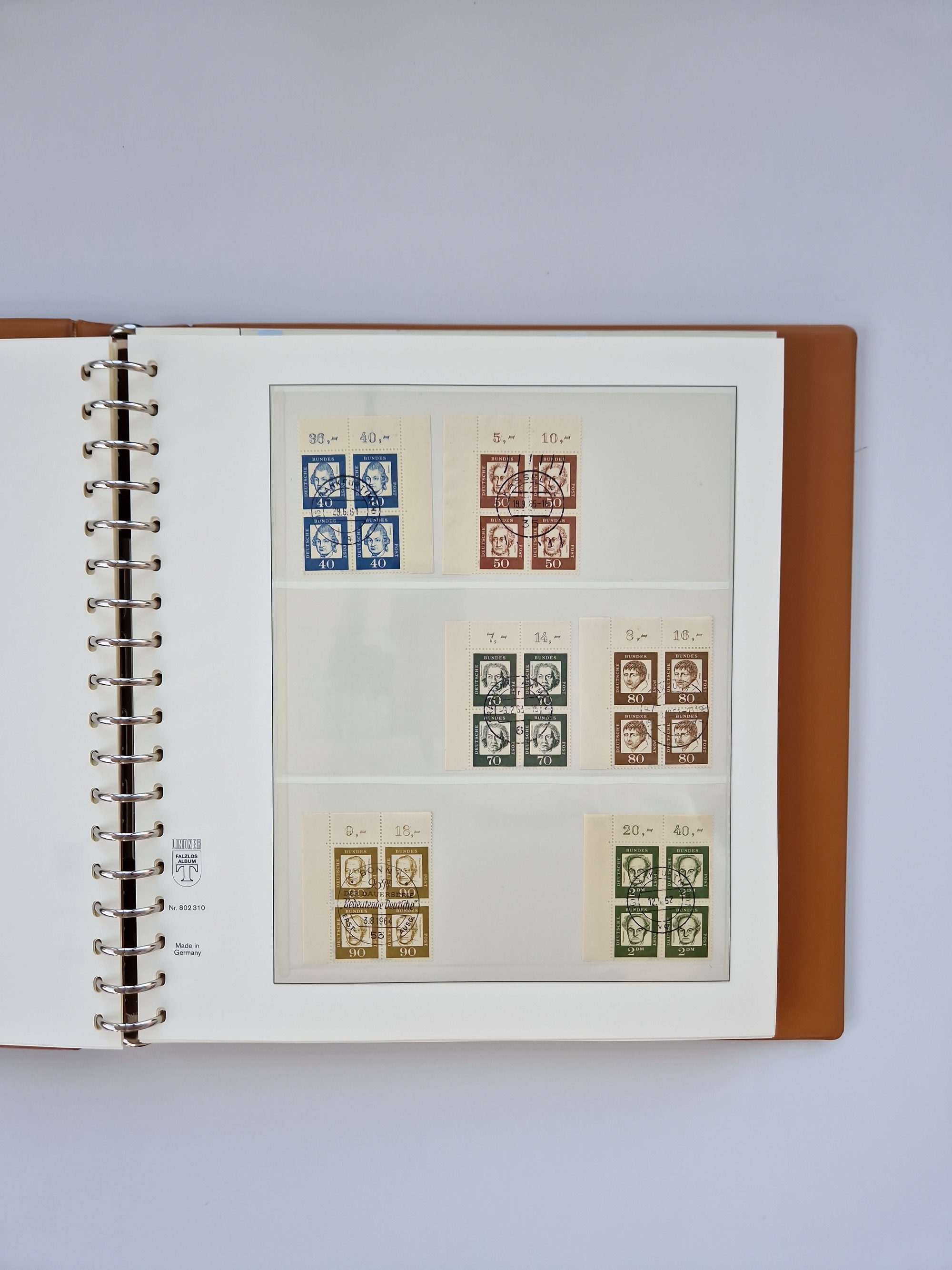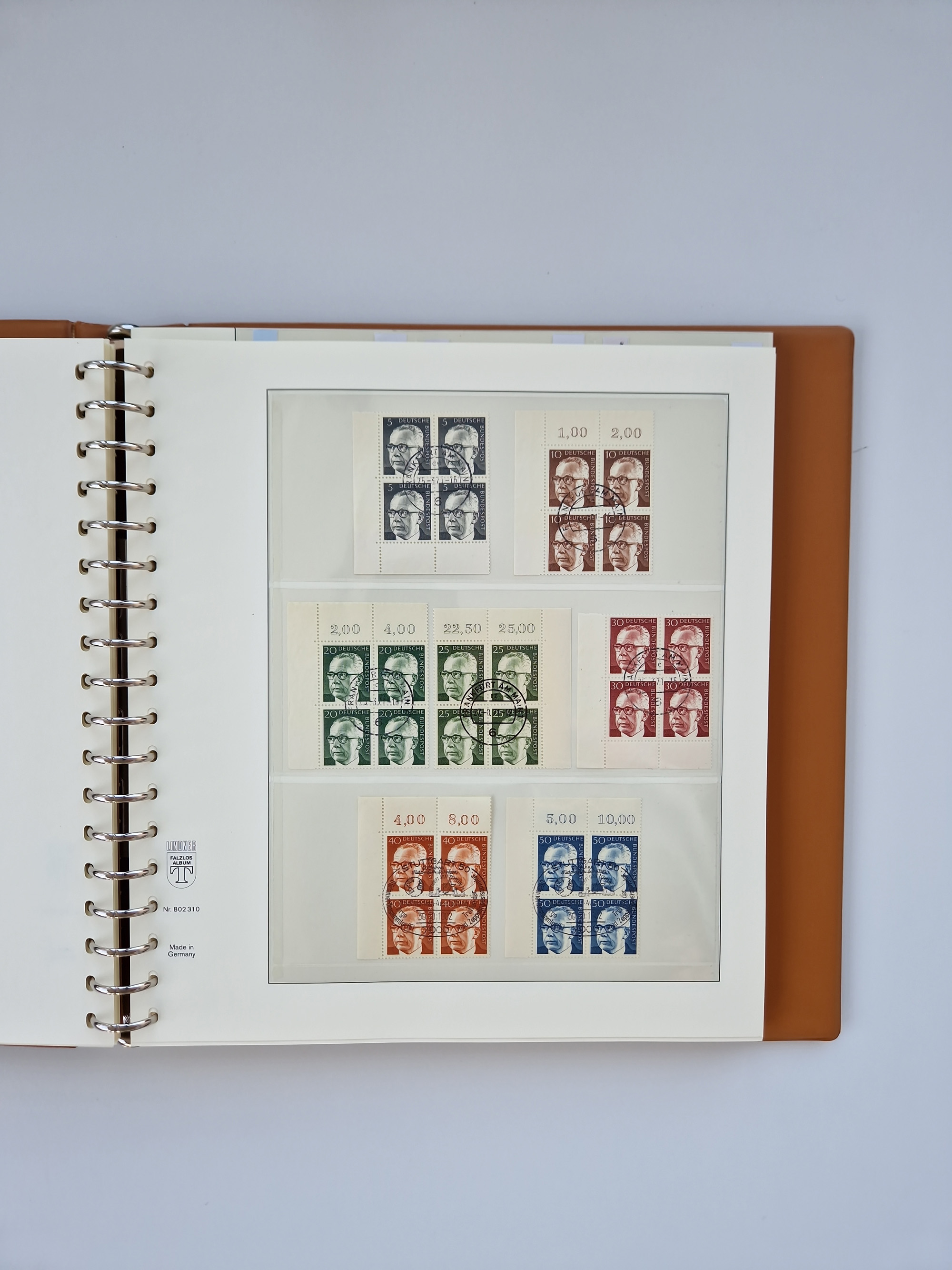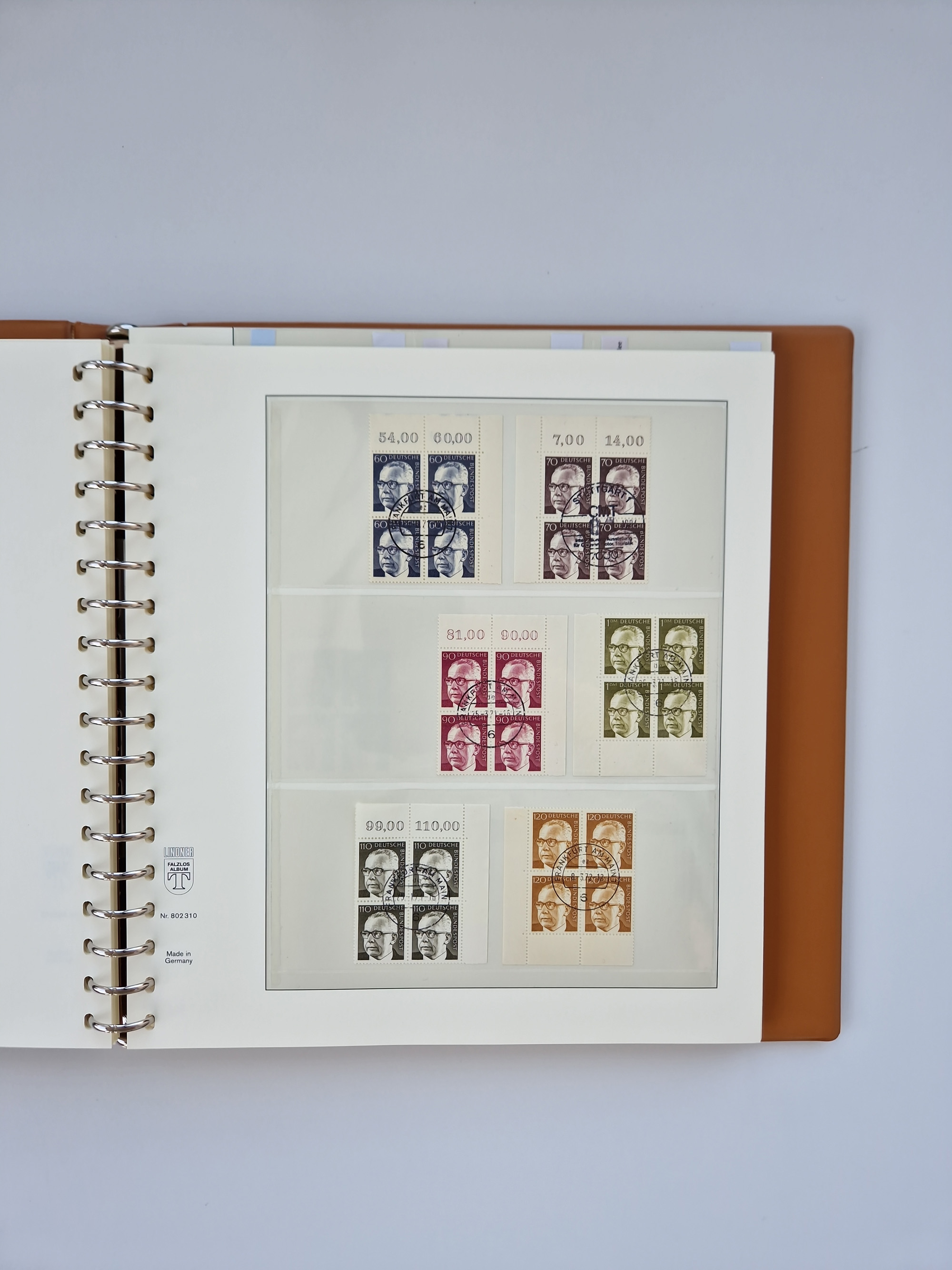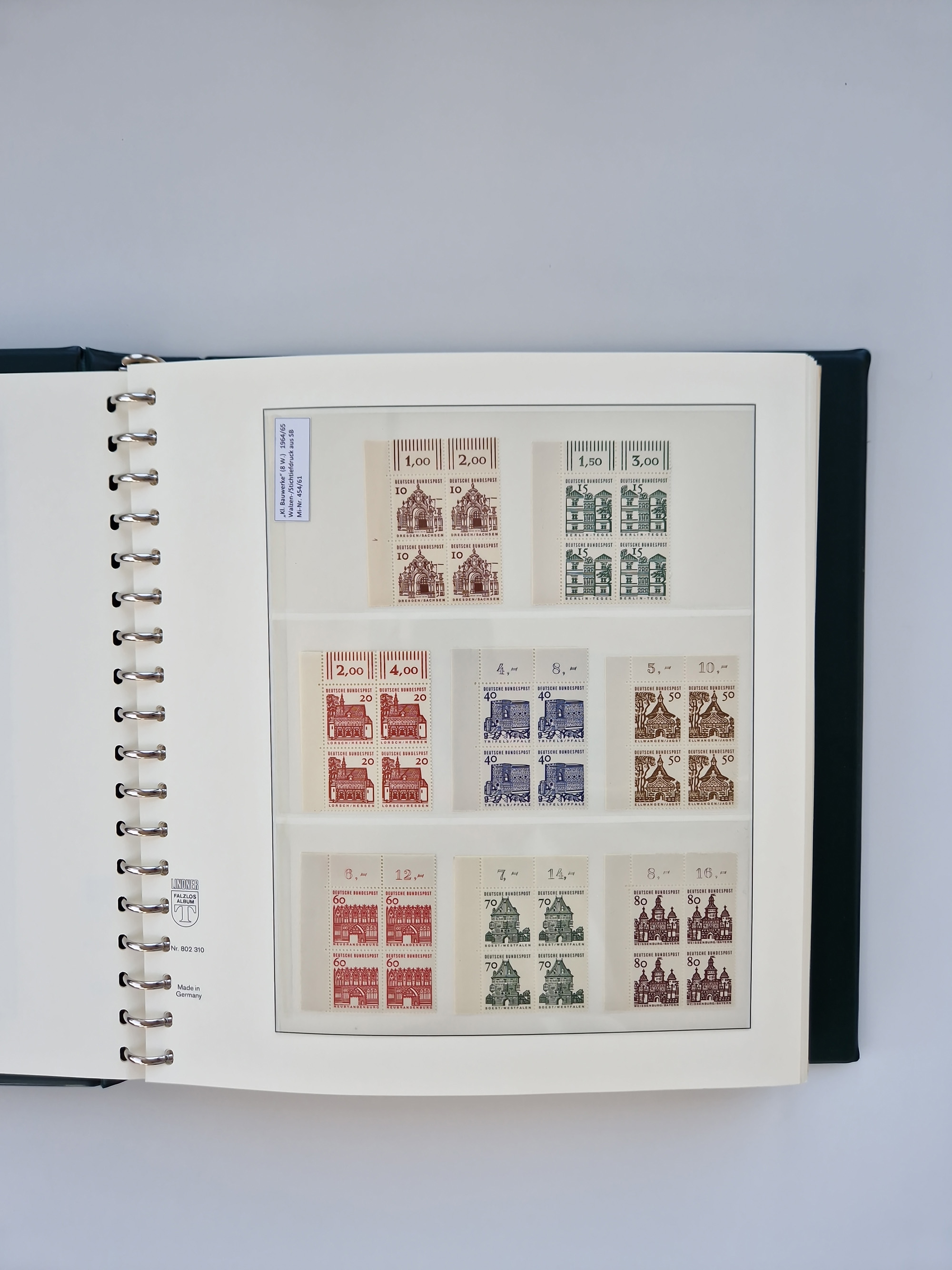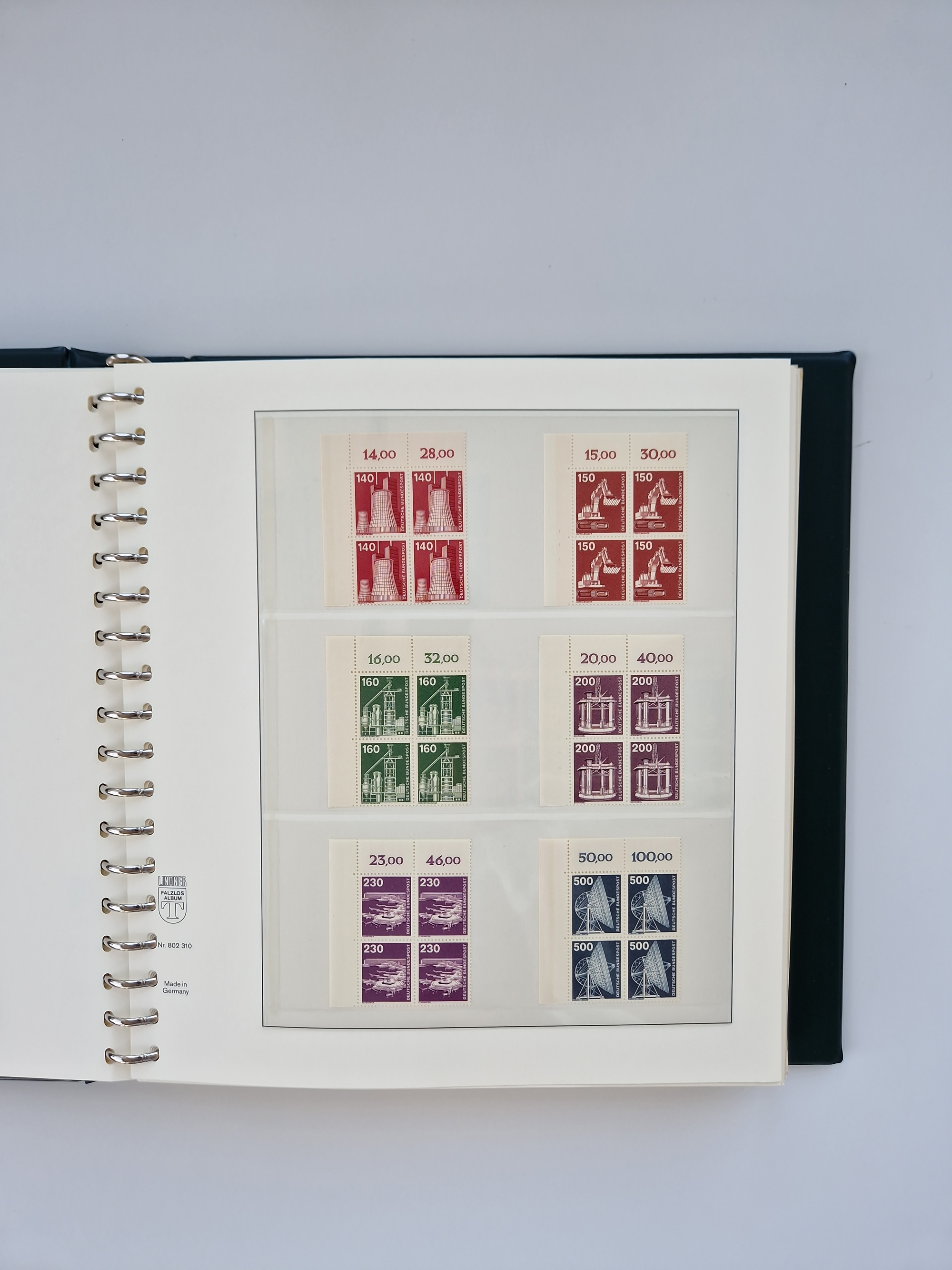 1951/94, postfrische Sammlung Dauerserien, dabei Posthorn in waagerechten oder senkrechten Paaren mit 3 Attesten und 6 Befunden A. Schlegel BPP, Heuss I Eckrandviererblocks, teils mit Druckerzeichen (Attest H.-D. Schlegel BPP). Heuss lumogen mit DZ Befund H.-D. Schlegel BPP. Heuss II Befund H-D Schlegel BPP. Danach Heuss III bis bedeutende Frauen 1994 alles Eckrandviererblocks oben links mit vielen Druckerzeichen und sonstigen Randbesonderheiten, im Lindner-Falzlosalbum.
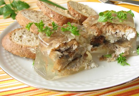Rybę opiekaną w galarecie podawaj udekorowaną posiekaną natką pietruszki.
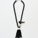 Hand-strung onyx drops with silver hardware and mini onyx pearl tassels.
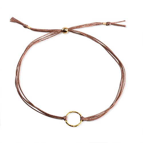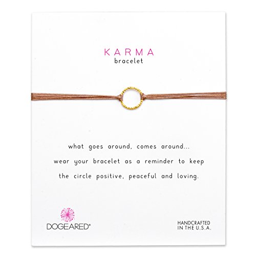 -. Feature : karma gold dipped sparkle ring on taupe adjustable cord, cord adjusts approx: 6"-8" / gold dipped 10mm karma circle / made In The USA / bead pull adjustable closure / comes on karma card packaged inside a signature dogeared sturdy box
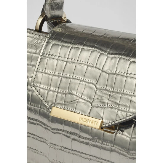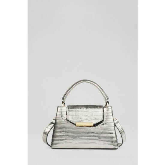 The Mini Harbour tote bag is crafted in Italy from gunmetal croc-effect leather. It’s a small trapeze-shaped tote with a short large handle, a removable and adjustable shoulder strap and a fold over top with a hidden popper. Inside it has two compartments and a slip pocket.
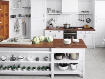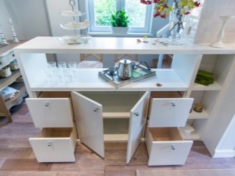 Tall models should not only be functional, but also decorative elements of the interior. They occupy a significant part of the kitchen, so it is recommended to supplement the shelves with elegant dishes, trifles. For more practical use, low designs are suitable. The upper open shelf can be used for a microwave, while the lower closed drawers store everything you need.
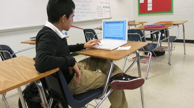 Colonial Middle schooler takes practice writing assessment online last week. (Tajuana Cheshier/ Chalkbeat TN)
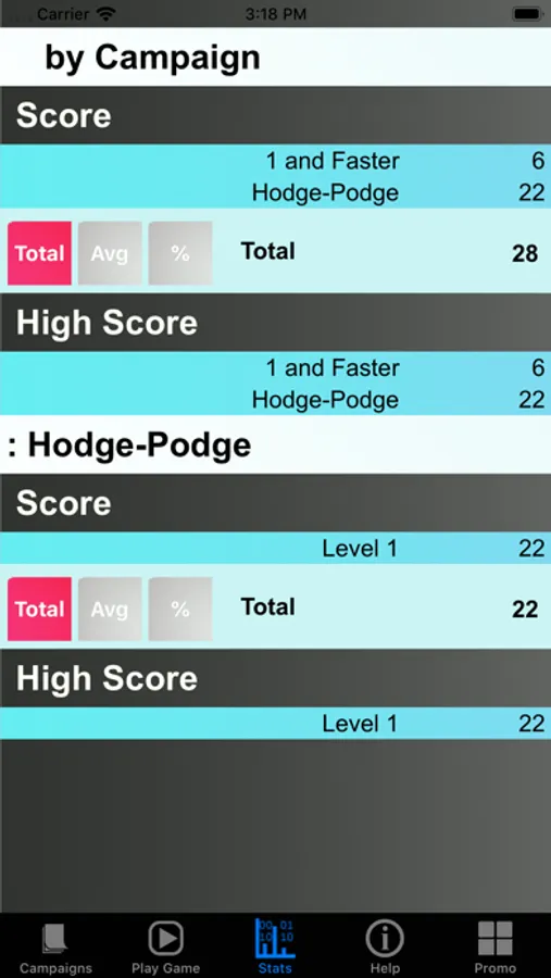 * Keeps track of statistics Total/Average/Highest for games Score across the campaigns and across the Levels within a campaign
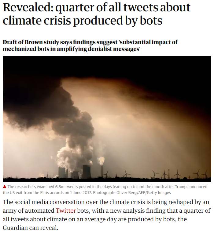 🧵Let's talk about the new #bot study by @BrownUniversity researchers that makes the rounds in media with scaremongering claims. @sciam / @guardian have uncritically reproduced statements from the authors even though we should be extremely skeptical. Let me explain why: 1/7
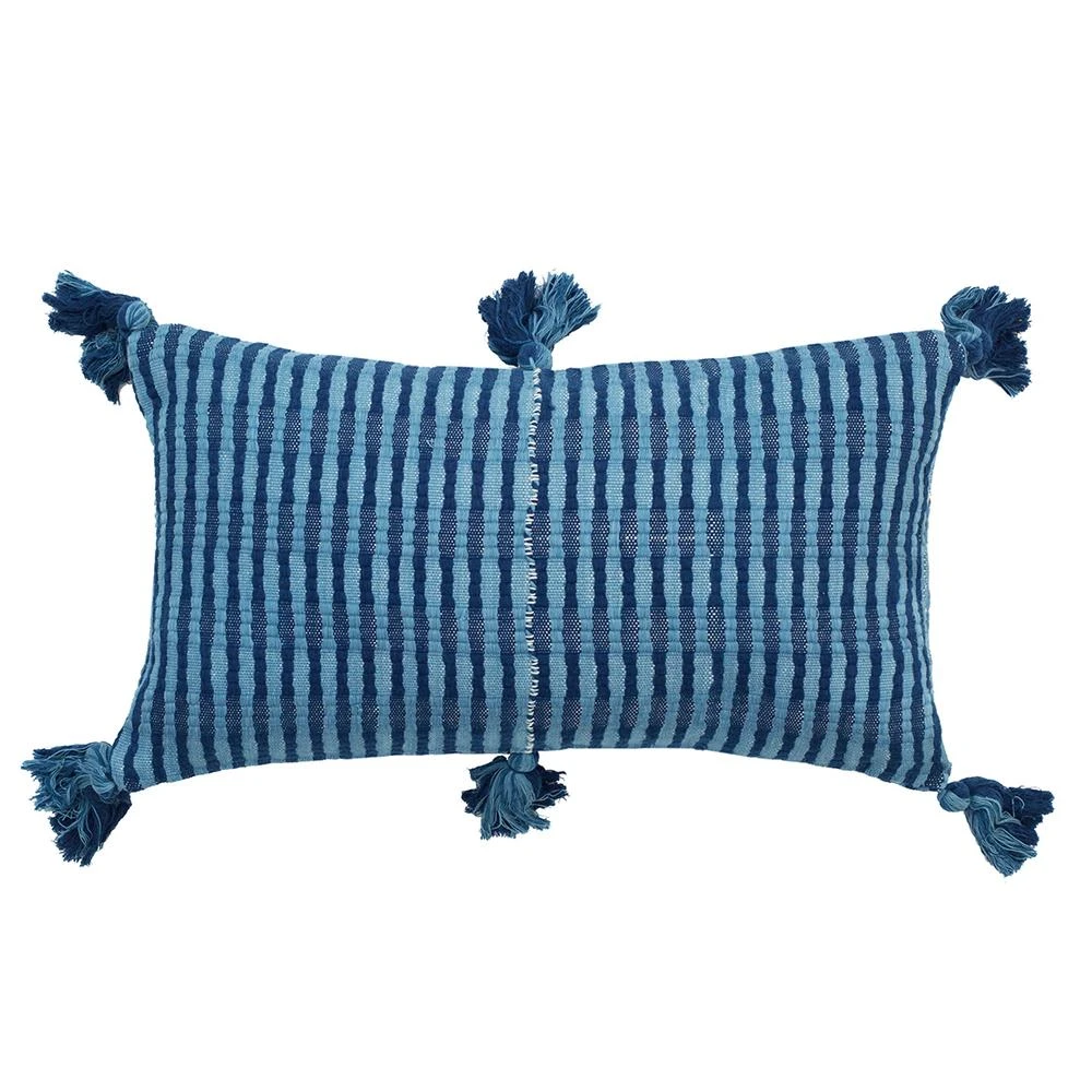 This indigo pillow is inspired by traditional textiles from Almolonga, Guatemala. The cotton used to make this pillow was handwoven by artisans using a back-strap loom.
● ● ● ●
| ACTIVITY |
Write out the records above exactly as they appear, leaving out any pictures.

| SOLUTION TO THIS TASK |
 1951/94, postfrische Sammlung Dauerserien, dabei Posthorn in waagerechten oder senkrechten Paaren mit 3 Attesten und 6 Befunden A. Schlegel BPP, Heuss I Eckrandviererblocks, teils mit Druckerzeichen (Attest H.-D. Schlegel BPP). Heuss lumogen mit DZ Befund H.-D. Schlegel BPP. Heuss II Befund H-D Schlegel BPP. Danach Heuss III bis bedeutende Frauen 1994 alles Eckrandviererblocks oben links mit vielen Druckerzeichen und sonstigen Randbesonderheiten, im Lindner-Falzlosalbum.
Rybę opiekaną w galarecie podawaj udekorowaną posiekaną natką pietruszki.
 Hand-strung onyx drops with silver hardware and mini onyx pearl tassels.
 -. Feature : karma gold dipped sparkle ring on taupe adjustable cord, cord adjusts approx: 6"-8" / gold dipped 10mm karma circle / made In The USA / bead pull adjustable closure / comes on karma card packaged inside a signature dogeared sturdy box
 The Mini Harbour tote bag is crafted in Italy from gunmetal croc-effect leather. It’s a small trapeze-shaped tote with a short large handle, a removable and adjustable shoulder strap and a fold over top with a hidden popper. Inside it has two compartments and a slip pocket.
 Tall models should not only be functional, but also decorative elements of the interior. They occupy a significant part of the kitchen, so it is recommended to supplement the shelves with elegant dishes, trifles. For more practical use, low designs are suitable. The upper open shelf can be used for a microwave, while the lower closed drawers store everything you need.
 Colonial Middle schooler takes practice writing assessment online last week. (Tajuana Cheshier/ Chalkbeat TN)
 * Keeps track of statistics Total/Average/Highest for games Score across the campaigns and across the Levels within a campaign
 🧵Let's talk about the new #bot study by @BrownUniversity researchers that makes the rounds in media with scaremongering claims. @sciam / @guardian have uncritically reproduced statements from the authors even though we should be extremely skeptical. Let me explain why: 1/7
 This indigo pillow is inspired by traditional textiles from Almolonga, Guatemala. The cotton used to make this pillow was handwoven by artisans using a back-strap loom.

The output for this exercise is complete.